ES: How would you describe your sound and how it has evolved over time?

SB: The instrumentation comes from the world of bluegrass, but when I was a kid, there already were progressive musicians and singers that were changing the face of bluegrass along the way. So, I was influenced by the Dillards, Osborne Brothers, Jim & Jesse and so we started with experimentation within the Bluegrass instruments. Being a lover of rock and roll and a fan of jazz, it comes from the world of bluegrass, where we have learned to write our own tunes and make original sounds. Now, because we named a band I was in ‘New Grass Revival,’ the word ‘new grass’ has become somewhat generic in describing progressive bluegrass.

If you go:

What: Sam Bush at the Free Summer Concert Series

When: 5:30 p.m., Friday, July 29

Where: Howelsen Hill

ES: Tell me about New Grass Revival.

SB: We started in 1971. And so by even calling ourselves what we did, we were sort of trying to point out that there already was a new kind of bluegrass, by the people I mentioned, and the Country Gentlemen as well. So, we felt that we were carrying on with, with the already started tradition of playing progressive bluegrass on traditional instruments.

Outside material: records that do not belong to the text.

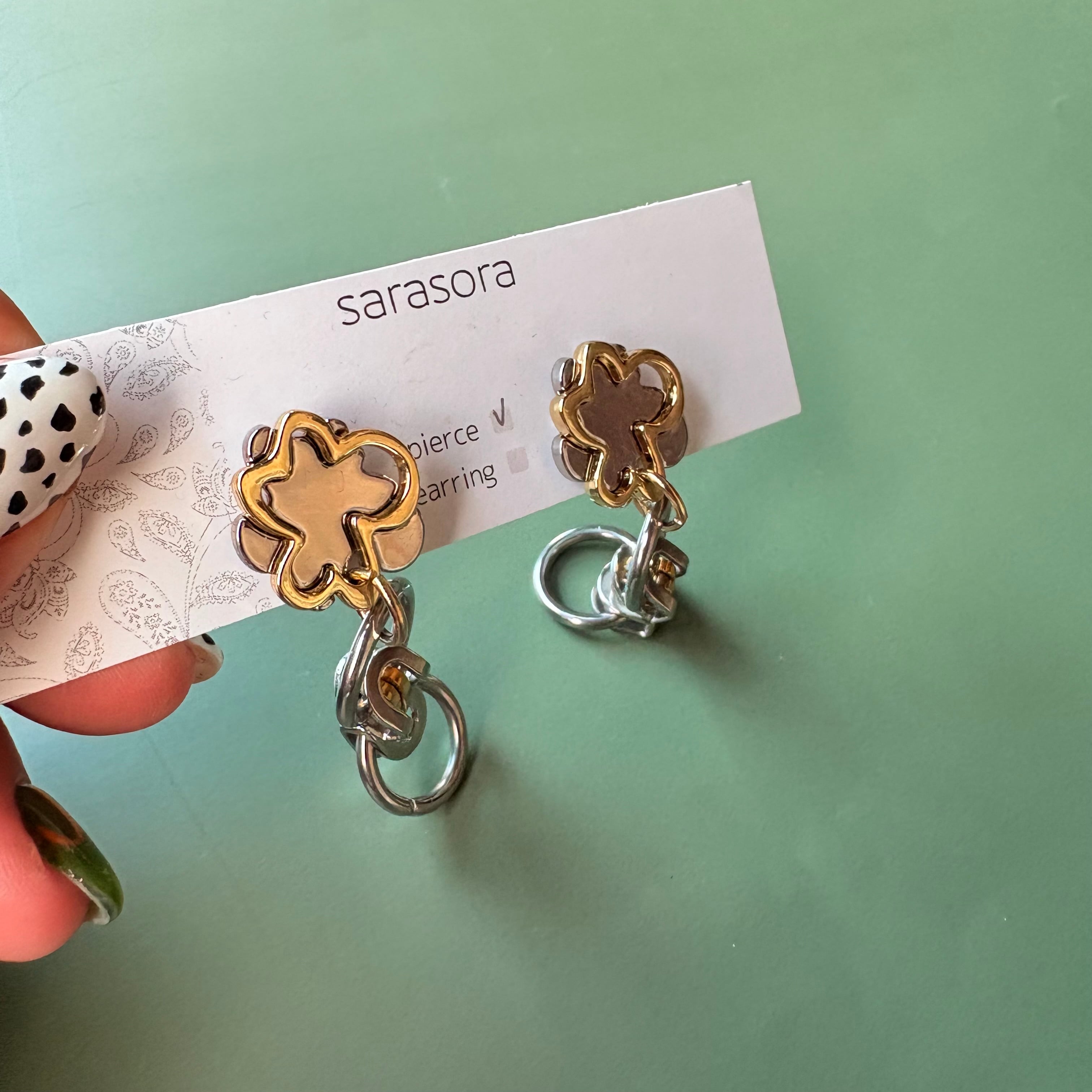 ころんとしたクローバーモチーフに、メタルリングを重ねた存在感のあるデザイン。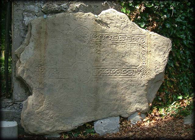 Near the cross are some 9th-10th century cross slabs, one of which is shown above. The Church is on private ground and the Cross and Slabs are surrounded by large trees.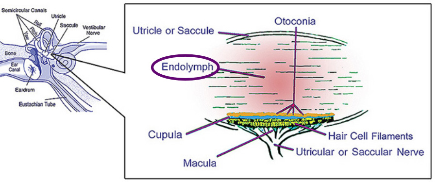 Endolymph is a sensory fluid in your inner ear that plays a role in both your hearing and balance (vestibular) systems. Its movement triggers nerve cells within your inner ear to communicate information about sounds and body position to your brain. Too much endolymph in your inner ear may lead to Ménière’s disease. —Cleveland Clinic

ES: Do you have any new stuff that you’re working on?

SM: There’s always new ideas coming. But that being said, I’m going to get an album released before the end of the year. It’ll be coming out probably in November.

ES: What’s planned for your show in Steamboat?

SB: It’s not totally planned — sometimes you really need to get there and see how’s the audience today, what are they feeling? Are they standing in the rain? Basically, we just want to bring a positive experience and for that we want people to feel through our music entertained for 90 minutes or two hours, however long we play. We really want people to just have a break from all that they’re going through and feel the positive energy that we want to give them.